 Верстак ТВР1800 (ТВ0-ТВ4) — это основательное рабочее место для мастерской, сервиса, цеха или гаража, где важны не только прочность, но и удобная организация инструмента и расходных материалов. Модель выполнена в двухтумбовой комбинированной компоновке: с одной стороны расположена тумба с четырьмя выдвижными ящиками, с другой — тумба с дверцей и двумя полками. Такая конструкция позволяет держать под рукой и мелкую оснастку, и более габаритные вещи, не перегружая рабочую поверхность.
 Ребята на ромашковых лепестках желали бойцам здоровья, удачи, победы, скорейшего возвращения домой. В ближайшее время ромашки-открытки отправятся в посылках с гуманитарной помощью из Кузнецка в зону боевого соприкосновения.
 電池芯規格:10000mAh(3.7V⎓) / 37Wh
==
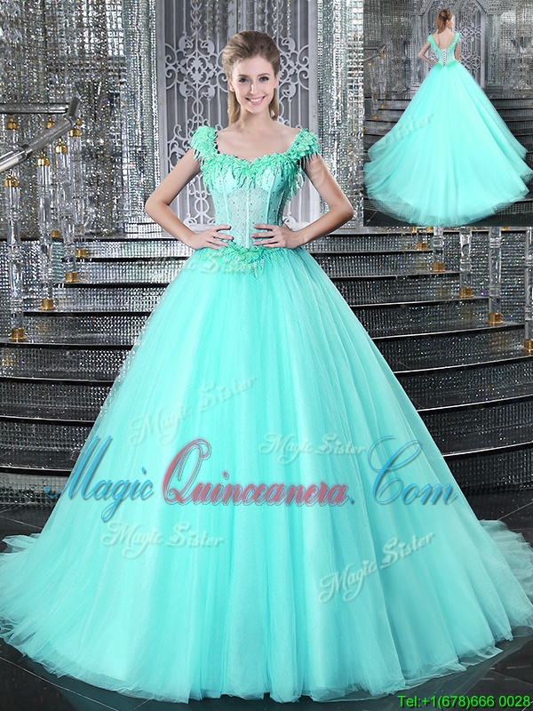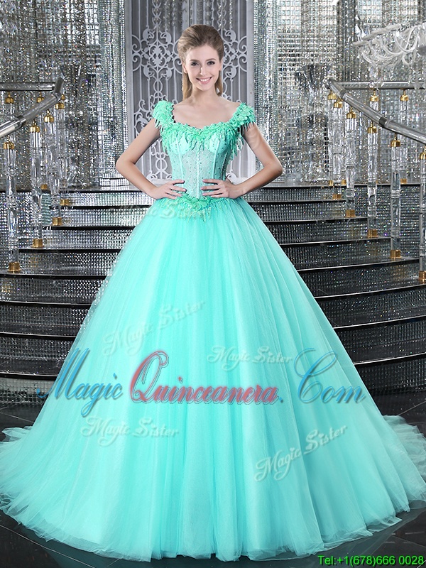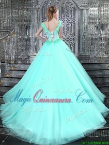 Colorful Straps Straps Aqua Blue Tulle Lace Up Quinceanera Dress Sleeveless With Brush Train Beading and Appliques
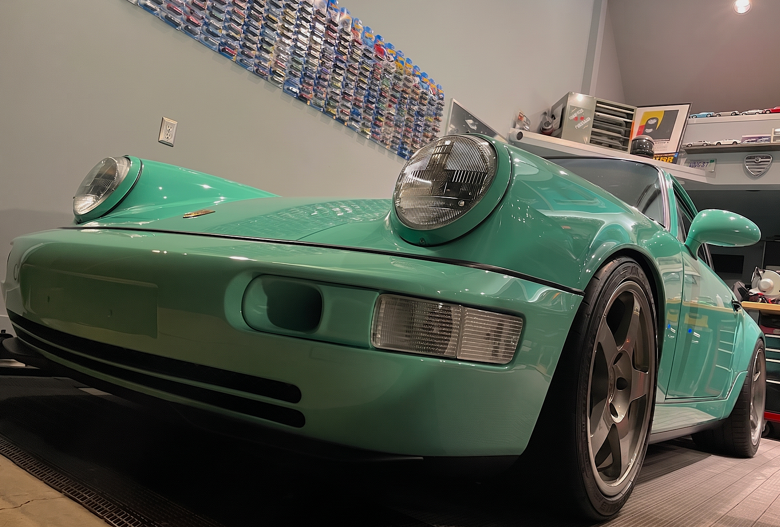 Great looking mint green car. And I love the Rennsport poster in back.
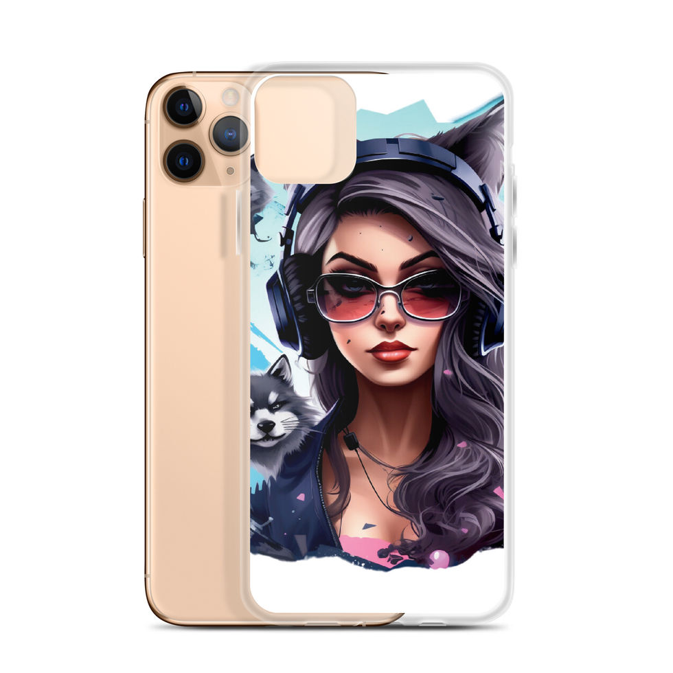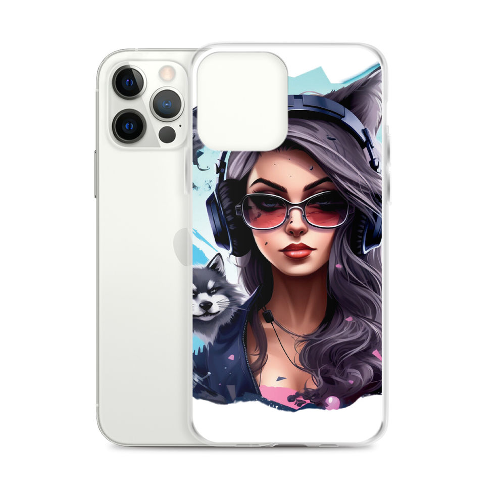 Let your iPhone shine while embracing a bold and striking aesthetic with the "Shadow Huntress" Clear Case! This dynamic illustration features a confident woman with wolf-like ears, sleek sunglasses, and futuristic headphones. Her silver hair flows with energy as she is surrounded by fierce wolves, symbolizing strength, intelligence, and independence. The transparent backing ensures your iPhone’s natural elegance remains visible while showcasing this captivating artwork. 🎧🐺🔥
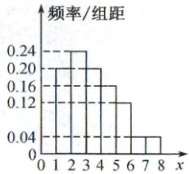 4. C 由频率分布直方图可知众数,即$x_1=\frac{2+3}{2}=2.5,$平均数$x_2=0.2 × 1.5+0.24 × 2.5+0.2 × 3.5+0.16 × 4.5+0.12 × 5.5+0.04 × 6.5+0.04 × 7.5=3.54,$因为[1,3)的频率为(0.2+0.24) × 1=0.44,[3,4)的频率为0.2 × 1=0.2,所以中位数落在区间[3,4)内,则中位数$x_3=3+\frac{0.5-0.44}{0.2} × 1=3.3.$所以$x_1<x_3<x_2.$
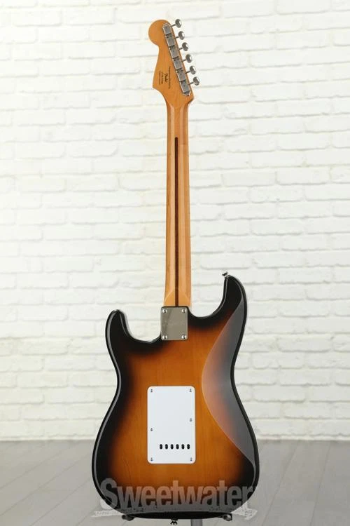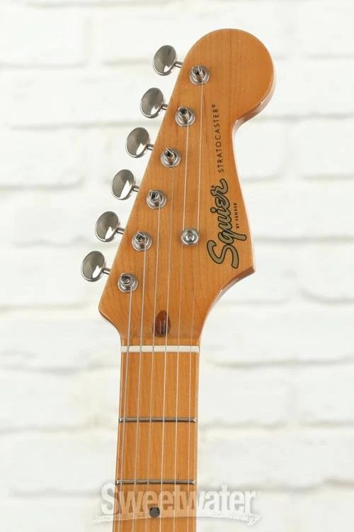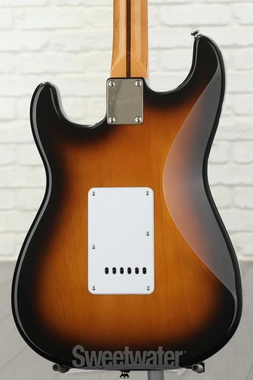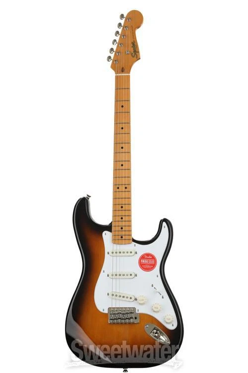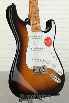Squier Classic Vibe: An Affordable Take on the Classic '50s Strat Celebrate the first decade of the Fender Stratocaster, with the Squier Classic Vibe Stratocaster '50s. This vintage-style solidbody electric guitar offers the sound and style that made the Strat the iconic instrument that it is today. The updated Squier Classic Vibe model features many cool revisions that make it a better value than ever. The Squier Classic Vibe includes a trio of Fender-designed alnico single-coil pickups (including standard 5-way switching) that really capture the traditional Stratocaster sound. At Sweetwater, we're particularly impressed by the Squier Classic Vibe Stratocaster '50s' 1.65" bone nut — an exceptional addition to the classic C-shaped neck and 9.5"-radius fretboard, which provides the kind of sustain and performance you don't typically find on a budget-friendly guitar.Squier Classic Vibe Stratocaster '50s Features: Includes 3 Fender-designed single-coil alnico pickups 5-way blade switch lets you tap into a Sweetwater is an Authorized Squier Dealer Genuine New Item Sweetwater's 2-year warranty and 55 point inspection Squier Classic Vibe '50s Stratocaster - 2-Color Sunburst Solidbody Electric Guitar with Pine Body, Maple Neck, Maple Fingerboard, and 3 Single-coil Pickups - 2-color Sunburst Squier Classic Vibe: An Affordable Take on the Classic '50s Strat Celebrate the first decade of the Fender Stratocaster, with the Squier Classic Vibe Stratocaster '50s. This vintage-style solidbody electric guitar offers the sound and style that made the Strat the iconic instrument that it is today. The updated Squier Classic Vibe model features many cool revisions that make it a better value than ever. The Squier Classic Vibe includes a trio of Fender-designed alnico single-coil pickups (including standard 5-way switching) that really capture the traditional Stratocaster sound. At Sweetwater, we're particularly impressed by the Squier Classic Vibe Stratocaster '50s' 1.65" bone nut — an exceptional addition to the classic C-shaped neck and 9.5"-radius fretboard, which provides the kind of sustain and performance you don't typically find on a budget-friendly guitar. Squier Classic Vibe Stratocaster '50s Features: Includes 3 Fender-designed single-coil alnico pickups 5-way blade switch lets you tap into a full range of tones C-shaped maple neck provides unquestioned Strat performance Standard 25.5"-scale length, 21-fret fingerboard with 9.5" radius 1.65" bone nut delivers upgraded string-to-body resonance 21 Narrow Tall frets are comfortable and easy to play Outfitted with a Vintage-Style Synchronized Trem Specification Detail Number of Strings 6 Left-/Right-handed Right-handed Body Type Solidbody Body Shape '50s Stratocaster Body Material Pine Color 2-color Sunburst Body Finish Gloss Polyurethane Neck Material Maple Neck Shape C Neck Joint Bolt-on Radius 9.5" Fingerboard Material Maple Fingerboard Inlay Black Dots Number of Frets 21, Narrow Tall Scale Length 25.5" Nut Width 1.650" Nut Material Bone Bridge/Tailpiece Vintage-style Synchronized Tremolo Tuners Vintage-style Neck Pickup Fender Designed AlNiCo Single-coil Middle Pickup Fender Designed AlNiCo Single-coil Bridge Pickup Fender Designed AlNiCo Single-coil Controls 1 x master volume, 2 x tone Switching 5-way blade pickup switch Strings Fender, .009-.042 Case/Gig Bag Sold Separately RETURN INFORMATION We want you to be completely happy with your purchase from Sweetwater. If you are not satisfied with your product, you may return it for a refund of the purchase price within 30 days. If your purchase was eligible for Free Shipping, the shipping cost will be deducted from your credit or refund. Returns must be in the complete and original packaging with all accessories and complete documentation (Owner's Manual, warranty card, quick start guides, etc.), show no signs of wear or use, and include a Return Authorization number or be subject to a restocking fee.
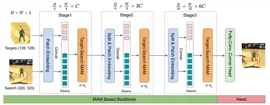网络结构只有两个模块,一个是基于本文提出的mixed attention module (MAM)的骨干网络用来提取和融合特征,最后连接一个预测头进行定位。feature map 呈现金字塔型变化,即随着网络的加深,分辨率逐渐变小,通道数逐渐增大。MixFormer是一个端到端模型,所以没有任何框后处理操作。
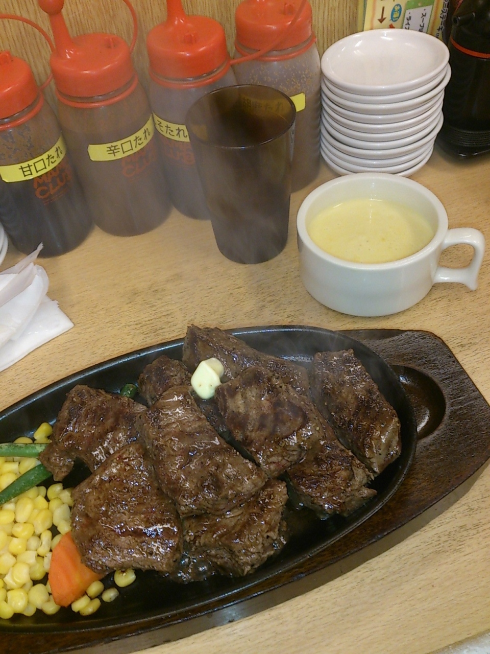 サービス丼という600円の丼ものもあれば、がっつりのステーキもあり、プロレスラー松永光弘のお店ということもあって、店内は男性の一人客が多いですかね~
...
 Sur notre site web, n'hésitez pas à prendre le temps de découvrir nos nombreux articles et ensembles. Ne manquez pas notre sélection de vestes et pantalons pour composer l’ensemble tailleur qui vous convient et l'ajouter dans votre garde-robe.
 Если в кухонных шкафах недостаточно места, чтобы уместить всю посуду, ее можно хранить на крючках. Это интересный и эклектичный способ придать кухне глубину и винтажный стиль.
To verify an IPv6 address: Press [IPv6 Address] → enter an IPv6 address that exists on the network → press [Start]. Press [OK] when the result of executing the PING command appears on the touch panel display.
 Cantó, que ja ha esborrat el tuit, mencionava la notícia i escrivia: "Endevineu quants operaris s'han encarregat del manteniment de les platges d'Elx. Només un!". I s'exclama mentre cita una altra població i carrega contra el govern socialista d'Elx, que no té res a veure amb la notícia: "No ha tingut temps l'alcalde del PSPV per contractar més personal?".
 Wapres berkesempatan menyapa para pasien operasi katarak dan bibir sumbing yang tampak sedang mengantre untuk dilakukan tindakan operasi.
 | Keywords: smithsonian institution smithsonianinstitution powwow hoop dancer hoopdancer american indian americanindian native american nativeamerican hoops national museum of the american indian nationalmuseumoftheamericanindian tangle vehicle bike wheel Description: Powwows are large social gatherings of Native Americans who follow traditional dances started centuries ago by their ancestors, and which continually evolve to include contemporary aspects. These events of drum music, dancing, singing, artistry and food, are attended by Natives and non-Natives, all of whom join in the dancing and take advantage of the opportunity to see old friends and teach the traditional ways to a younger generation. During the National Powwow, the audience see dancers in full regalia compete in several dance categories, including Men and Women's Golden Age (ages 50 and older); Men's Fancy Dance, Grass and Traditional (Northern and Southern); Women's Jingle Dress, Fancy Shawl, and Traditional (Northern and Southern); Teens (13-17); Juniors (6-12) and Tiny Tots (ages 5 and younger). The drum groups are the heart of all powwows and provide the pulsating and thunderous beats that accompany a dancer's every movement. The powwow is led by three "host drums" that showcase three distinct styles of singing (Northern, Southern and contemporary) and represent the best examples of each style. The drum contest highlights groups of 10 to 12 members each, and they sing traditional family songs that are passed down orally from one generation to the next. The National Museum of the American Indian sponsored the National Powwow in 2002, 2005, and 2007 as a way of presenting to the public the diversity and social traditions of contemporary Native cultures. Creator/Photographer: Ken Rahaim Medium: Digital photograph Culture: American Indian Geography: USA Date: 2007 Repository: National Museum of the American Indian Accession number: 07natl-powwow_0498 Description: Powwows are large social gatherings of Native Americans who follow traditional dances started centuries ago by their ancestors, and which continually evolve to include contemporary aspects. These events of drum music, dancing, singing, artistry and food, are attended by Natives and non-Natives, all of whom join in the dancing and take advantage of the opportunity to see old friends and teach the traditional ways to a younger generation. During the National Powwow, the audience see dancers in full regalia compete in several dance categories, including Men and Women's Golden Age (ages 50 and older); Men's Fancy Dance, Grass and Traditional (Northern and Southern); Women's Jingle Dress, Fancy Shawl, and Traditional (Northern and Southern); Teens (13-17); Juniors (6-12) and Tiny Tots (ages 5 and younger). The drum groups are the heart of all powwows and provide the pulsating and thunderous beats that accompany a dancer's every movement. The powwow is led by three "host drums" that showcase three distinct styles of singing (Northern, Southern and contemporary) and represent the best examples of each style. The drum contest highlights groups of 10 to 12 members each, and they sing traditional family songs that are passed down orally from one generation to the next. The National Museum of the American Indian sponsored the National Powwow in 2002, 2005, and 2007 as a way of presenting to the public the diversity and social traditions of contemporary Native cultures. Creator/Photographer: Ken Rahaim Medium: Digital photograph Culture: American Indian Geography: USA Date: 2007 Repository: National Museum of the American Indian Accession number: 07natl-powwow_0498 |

EXERCISE DETAILS - Give back exactly the lines above, from the line containing "Ребята на ромашковых" through the line containing "電池芯規格:10000mAh(3.7V⎓) / 37Wh", with both end lines and nothing more.

TASK OUTPUT -
 Ребята на ромашковых лепестках желали бойцам здоровья, удачи, победы, скорейшего возвращения домой. В ближайшее время ромашки-открытки отправятся в посылках с гуманитарной помощью из Кузнецка в зону боевого соприкосновения.
 電池芯規格:10000mAh(3.7V⎓) / 37Wh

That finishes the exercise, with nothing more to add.